I don't want to do away with metaphysics as most of my contemporaries would, following Gillian Rose in the "metaphysical fallacy" of postmodern thinkers; but I want to argue that the equation isn't complete and that before the chickens can come home to roost, the essentially human view of aesthetics and theology must be develop as a pre-condition; I confess to be rather Idealist in the Hegelian sense at this juncture.

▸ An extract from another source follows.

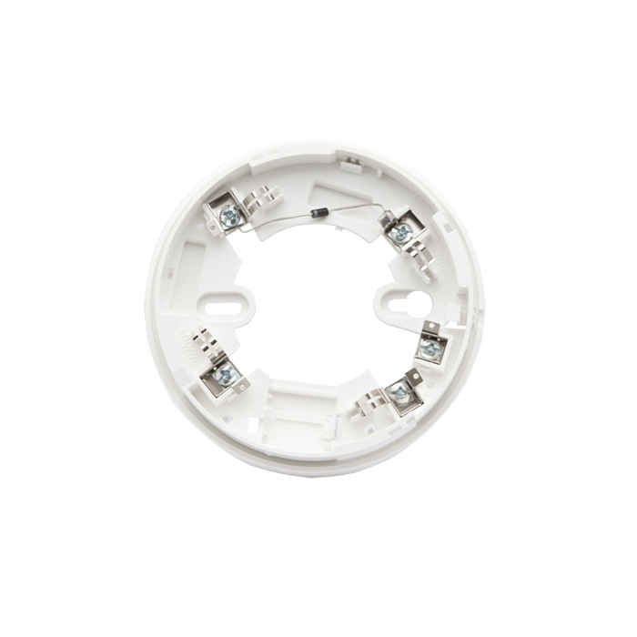 De standaard sokkel met diode voor conventionele melders heeft een laag profielontwerp en een zeer betrouwbaar detector-aansluitsysteem waarmee ook een stevige bevestiging van de melder wordt gegarandeerd. Dankzij de aanwezigheid van de diode is detectie mogelijk als de melder uit zijn sokkel wordt verwijderd. Afmetingen: ø 102 mm, h 11 mm. Gewicht: 42 g.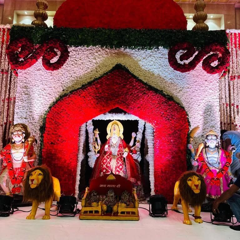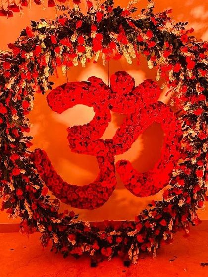 For Mata ki Chowki and other Devi pujas, I focus on creating a vibrant and devotional atmosphere filled with energy. I use a lot of red, marigolds, and gold accents, along with custom backdrops and floral art featuring sacred symbols to honor the Goddess.

The spirit of Auschwitz is the only channel available in my view at present, to reach such understanding that is thoroughly resultless, namely that science should no longer act as dominant world-view (and founder of human rights) establishing truth as an end-result but rather thinking (and not philosophy alone, for I believe literature, art and politics among others enable concrete models of thinking and judgment) as a piercing experience all through the process of thought, in the same level of "to be", so that the time of modern men can be no longer out of joint. In forgetting this spirit one foregoes his sanity and the world's self-understanding, which is the unfortunate case of modern thought that has been set "free" (and being modernity's favourite paradigm) but wanders aloof hereabouts rather drunk and unaware of the nihilism inherent to its condition, being ungrounded in anything and in desperate need for the language of the tradition of thought which it has allegedly forsaken for the sake of clarity. However, it is never totally clear at twilight, only when it's already morning and after the long nights of mourning. I shall term this to conclude, the turning upside down of the diluvian waters, nearing the ark of Noah... the way from Endlösung (Final Solution, Extermination) to Erlösung (Redemption), when the chips are down.